Provided data:
+ + + + +
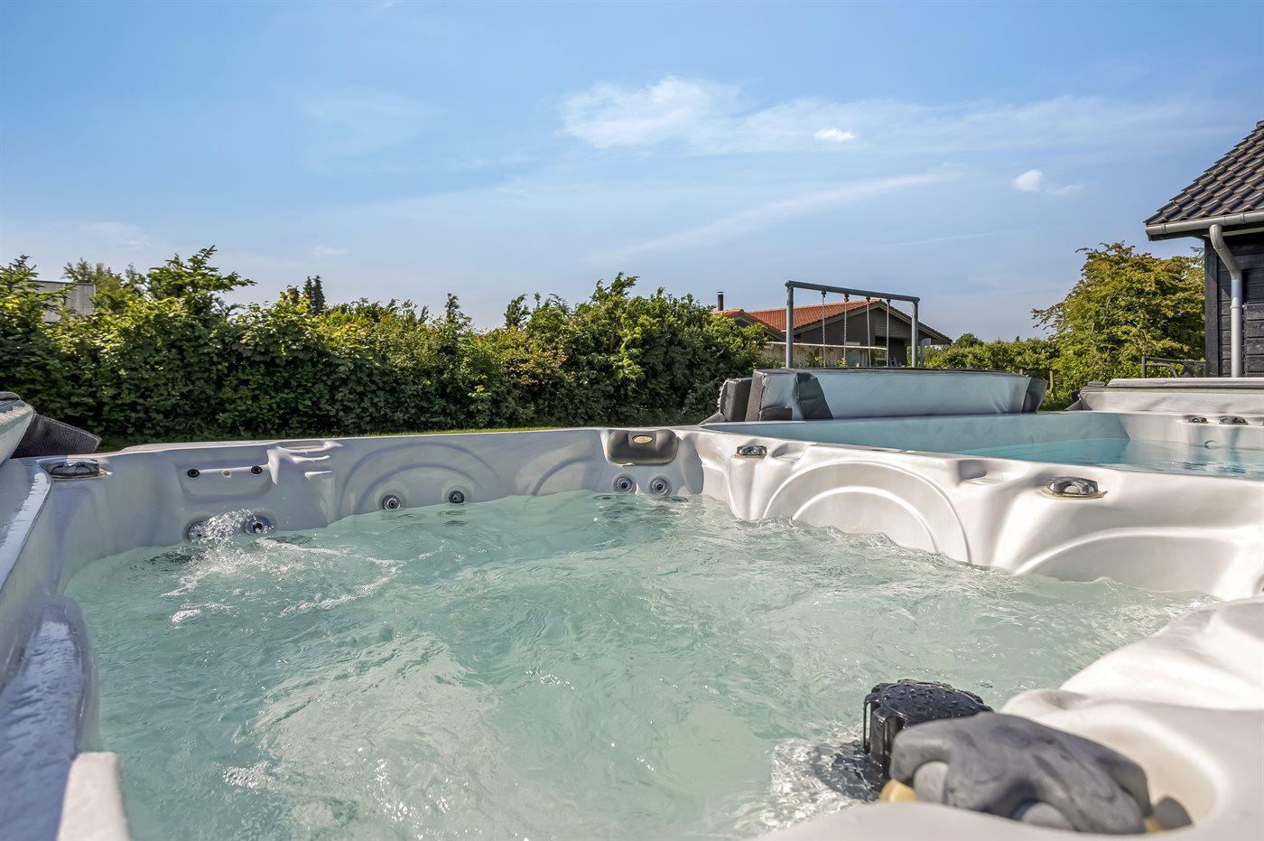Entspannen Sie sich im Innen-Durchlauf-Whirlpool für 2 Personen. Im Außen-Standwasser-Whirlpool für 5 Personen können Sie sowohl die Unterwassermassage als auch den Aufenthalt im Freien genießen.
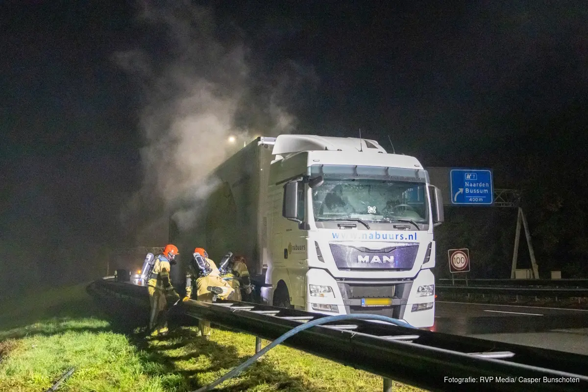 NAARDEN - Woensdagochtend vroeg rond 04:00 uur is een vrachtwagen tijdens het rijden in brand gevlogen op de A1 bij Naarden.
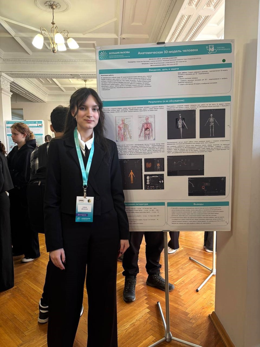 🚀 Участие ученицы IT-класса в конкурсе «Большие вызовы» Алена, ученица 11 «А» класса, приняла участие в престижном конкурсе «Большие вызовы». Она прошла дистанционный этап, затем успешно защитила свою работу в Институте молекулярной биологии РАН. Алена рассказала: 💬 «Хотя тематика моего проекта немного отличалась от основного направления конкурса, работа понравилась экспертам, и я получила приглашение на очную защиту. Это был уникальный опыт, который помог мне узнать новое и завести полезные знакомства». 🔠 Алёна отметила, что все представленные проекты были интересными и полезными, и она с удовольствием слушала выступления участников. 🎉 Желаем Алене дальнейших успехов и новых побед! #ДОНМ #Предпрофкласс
+ + + + +
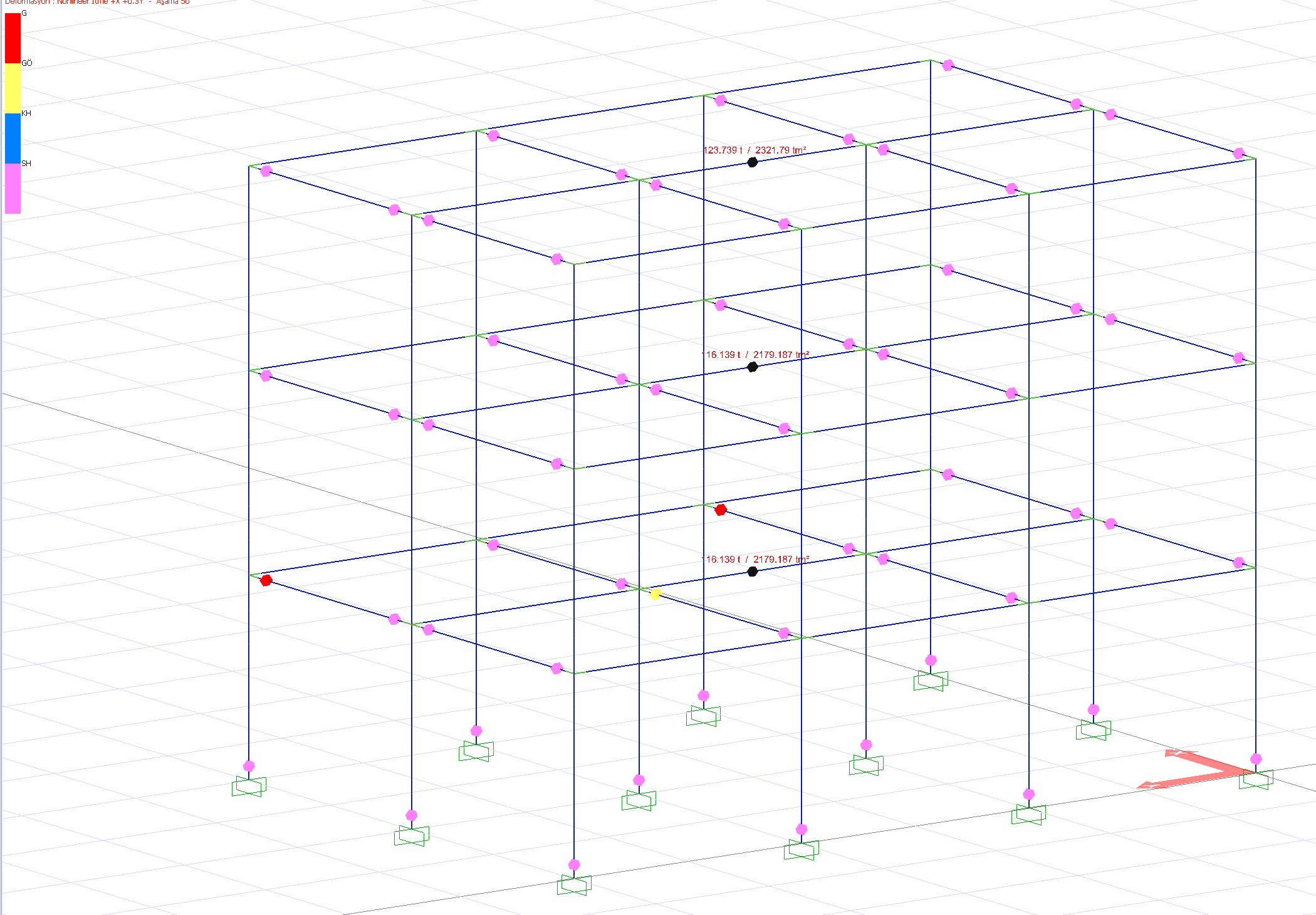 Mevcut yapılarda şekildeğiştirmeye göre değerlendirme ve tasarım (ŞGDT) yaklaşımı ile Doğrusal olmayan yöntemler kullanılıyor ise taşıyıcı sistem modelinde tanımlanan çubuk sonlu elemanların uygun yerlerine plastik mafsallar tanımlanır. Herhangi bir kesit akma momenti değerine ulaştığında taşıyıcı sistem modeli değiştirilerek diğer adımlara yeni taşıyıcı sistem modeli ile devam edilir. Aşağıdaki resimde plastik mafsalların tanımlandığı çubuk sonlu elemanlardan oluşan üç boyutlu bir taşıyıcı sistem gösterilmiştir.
+ + + + +
Task goal:
Exactly the lines above from the one that contains "Entspannen Sie sich" down to the one that contains "NAARDEN - Woensdagochtend" are to be output, both ends kept and pictures omitted.

Response to the exercise:
Entspannen Sie sich im Innen-Durchlauf-Whirlpool für 2 Personen. Im Außen-Standwasser-Whirlpool für 5 Personen können Sie sowohl die Unterwassermassage als auch den Aufenthalt im Freien genießen.
 NAARDEN - Woensdagochtend vroeg rond 04:00 uur is een vrachtwagen tijdens het rijden in brand gevlogen op de A1 bij Naarden.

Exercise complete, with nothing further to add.